• _Work required_
Everything from the first line of the data below through the line that contains "START YOUR HALLOWEEN" should be written out exactly, please, and nothing more; the pictures stay out.

Dataset records below:

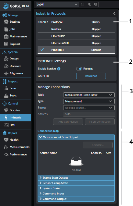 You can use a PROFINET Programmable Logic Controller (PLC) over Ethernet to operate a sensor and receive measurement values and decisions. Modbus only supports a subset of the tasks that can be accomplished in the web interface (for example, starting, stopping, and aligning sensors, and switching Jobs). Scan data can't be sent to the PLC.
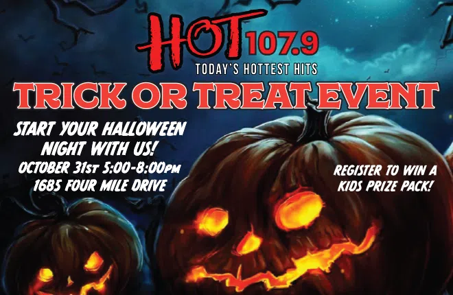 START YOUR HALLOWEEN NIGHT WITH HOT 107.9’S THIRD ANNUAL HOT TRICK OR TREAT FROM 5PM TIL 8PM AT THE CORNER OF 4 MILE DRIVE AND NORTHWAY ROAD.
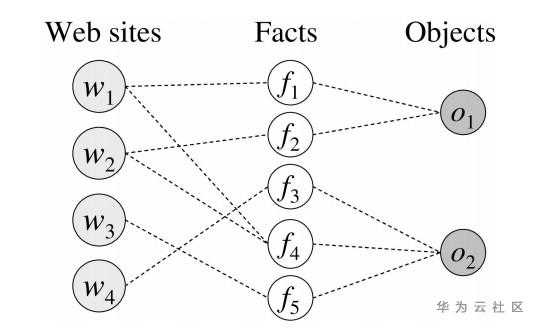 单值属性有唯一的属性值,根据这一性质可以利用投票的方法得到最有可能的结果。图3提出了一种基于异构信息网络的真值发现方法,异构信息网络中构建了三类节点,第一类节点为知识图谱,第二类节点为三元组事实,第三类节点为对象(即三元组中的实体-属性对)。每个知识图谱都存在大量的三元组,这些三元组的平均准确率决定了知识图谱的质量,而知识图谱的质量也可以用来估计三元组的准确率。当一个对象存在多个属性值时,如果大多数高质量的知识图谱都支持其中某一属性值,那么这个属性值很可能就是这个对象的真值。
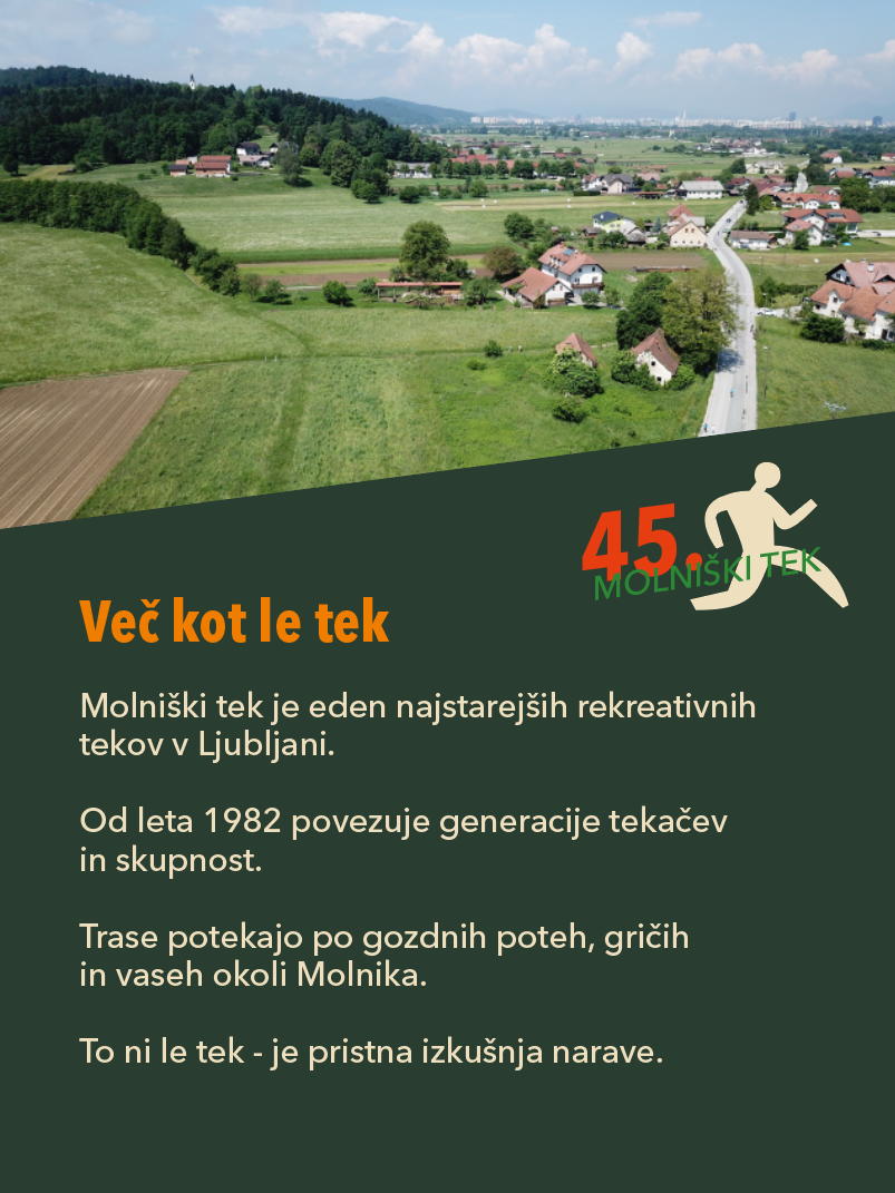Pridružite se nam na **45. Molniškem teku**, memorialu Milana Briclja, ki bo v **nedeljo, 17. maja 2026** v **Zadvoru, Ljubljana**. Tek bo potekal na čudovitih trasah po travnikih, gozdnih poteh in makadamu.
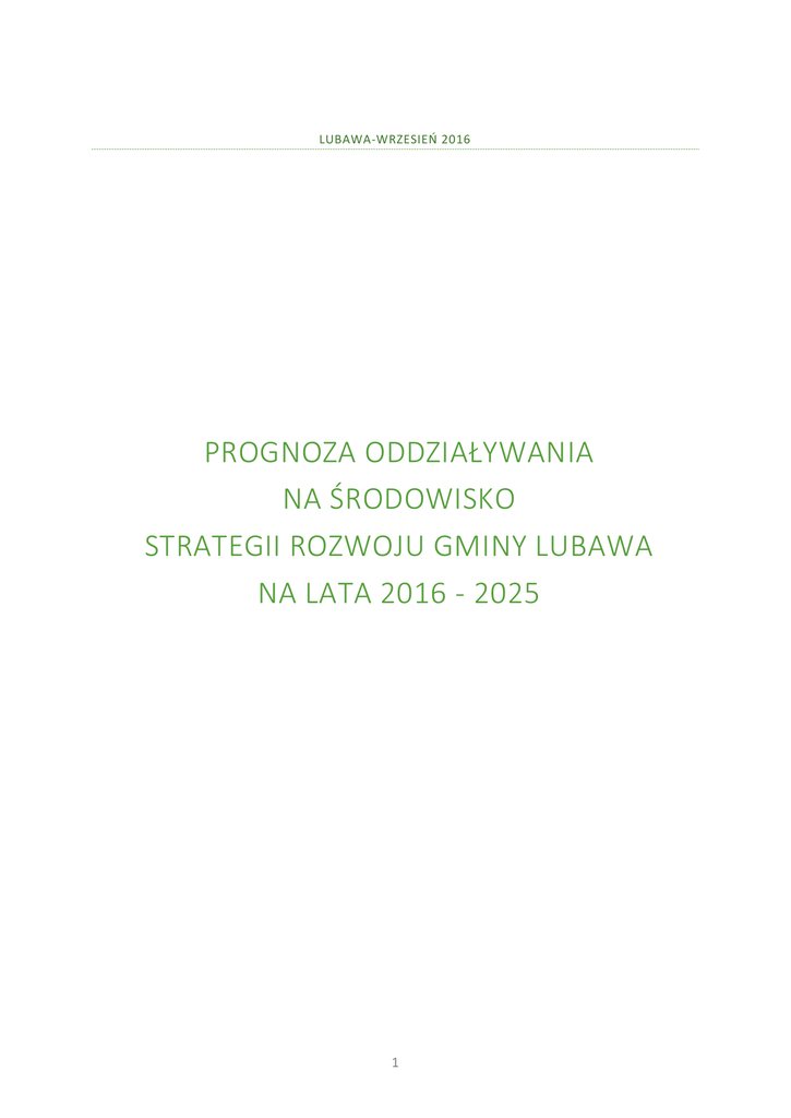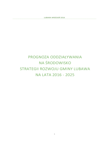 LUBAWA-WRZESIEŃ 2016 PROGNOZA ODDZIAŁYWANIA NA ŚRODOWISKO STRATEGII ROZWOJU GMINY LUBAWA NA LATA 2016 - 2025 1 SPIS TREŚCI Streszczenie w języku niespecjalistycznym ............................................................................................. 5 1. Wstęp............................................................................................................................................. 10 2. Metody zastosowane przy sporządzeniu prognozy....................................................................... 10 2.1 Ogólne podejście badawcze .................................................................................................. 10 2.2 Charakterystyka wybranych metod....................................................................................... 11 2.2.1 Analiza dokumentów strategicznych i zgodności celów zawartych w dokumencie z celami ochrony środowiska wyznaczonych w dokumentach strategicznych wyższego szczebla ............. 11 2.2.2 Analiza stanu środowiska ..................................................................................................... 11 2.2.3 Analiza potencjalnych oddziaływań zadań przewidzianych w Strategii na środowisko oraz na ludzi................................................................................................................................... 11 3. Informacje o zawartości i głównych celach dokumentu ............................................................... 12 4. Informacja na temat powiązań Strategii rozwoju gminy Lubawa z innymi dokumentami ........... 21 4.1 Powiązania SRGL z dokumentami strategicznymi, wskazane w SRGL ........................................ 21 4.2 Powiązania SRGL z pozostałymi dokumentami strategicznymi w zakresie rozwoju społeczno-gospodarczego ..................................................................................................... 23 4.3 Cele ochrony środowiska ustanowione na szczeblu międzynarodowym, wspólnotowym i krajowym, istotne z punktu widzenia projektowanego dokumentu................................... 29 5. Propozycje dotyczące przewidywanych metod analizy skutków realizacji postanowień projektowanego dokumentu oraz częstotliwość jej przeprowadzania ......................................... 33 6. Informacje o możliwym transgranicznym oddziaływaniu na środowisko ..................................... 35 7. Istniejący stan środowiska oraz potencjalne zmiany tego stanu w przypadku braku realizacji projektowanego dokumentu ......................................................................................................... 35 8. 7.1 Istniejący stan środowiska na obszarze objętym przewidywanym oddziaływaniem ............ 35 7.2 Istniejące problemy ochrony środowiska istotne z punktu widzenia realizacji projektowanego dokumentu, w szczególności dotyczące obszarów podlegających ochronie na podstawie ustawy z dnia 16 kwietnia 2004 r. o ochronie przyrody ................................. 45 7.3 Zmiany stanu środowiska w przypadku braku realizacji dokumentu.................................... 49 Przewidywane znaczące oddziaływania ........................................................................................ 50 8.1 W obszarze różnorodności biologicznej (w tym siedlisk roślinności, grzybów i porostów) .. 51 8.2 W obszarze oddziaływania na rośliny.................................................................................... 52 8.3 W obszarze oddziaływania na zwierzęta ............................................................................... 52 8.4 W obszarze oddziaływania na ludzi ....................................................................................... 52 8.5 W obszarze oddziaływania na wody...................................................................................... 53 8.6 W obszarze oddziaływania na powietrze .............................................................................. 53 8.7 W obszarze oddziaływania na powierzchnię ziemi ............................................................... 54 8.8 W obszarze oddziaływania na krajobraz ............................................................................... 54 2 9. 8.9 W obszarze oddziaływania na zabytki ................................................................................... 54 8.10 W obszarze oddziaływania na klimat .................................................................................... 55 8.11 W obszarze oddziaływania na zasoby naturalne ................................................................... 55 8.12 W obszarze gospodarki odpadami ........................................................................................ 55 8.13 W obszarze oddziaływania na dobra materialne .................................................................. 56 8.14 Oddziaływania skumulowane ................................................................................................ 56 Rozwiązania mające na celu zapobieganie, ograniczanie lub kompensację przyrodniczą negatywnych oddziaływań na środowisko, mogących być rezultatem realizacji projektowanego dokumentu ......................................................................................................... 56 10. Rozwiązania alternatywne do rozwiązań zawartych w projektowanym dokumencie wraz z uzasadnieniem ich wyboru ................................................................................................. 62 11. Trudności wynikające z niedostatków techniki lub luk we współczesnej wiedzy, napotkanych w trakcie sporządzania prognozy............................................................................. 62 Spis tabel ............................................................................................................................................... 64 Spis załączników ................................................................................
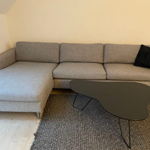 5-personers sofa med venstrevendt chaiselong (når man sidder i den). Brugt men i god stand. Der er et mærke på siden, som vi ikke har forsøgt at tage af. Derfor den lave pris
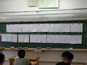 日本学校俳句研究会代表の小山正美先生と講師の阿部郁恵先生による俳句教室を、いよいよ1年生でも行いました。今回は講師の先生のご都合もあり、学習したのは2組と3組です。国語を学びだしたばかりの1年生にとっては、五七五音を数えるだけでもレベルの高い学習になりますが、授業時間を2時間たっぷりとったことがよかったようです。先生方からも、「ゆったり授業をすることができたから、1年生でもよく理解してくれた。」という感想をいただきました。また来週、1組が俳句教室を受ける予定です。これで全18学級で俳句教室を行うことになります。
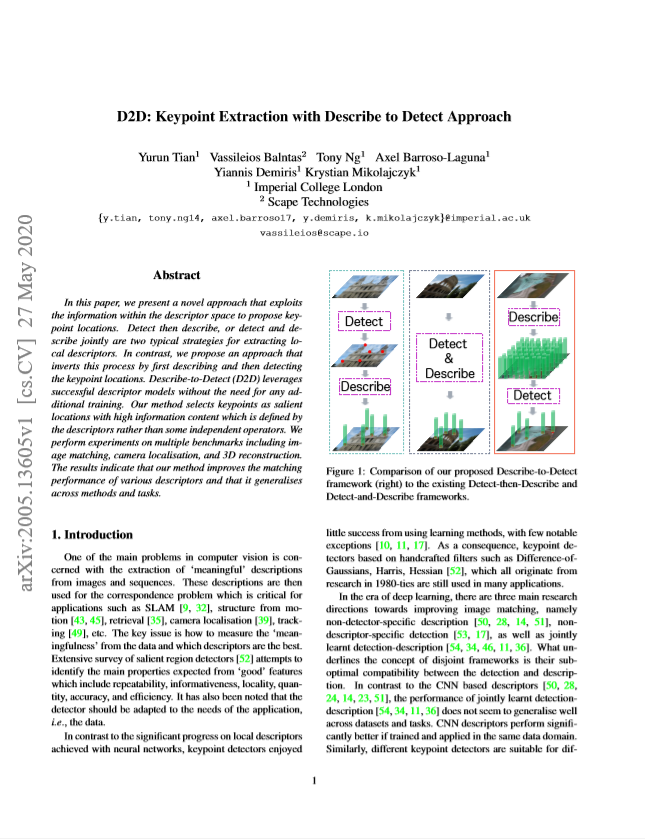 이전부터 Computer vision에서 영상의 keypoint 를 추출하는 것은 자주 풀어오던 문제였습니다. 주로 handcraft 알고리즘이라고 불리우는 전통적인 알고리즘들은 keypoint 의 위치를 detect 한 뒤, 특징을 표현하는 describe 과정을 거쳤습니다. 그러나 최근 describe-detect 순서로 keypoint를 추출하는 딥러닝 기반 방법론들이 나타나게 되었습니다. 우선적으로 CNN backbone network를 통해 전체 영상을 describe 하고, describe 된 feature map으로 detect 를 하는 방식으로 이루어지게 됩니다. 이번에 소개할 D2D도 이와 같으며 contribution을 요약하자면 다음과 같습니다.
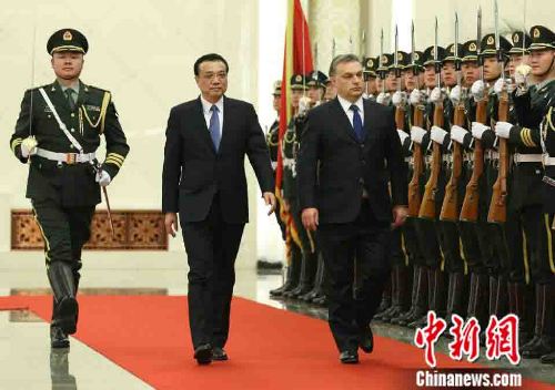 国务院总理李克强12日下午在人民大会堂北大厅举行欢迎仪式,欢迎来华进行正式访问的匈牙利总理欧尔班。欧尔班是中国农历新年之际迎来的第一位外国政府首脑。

End of Dataset records.

• _Exercise answer_
 You can use a PROFINET Programmable Logic Controller (PLC) over Ethernet to operate a sensor and receive measurement values and decisions. Modbus only supports a subset of the tasks that can be accomplished in the web interface (for example, starting, stopping, and aligning sensors, and switching Jobs). Scan data can't be sent to the PLC.
 START YOUR HALLOWEEN NIGHT WITH HOT 107.9’S THIRD ANNUAL HOT TRICK OR TREAT FROM 5PM TIL 8PM AT THE CORNER OF 4 MILE DRIVE AND NORTHWAY ROAD.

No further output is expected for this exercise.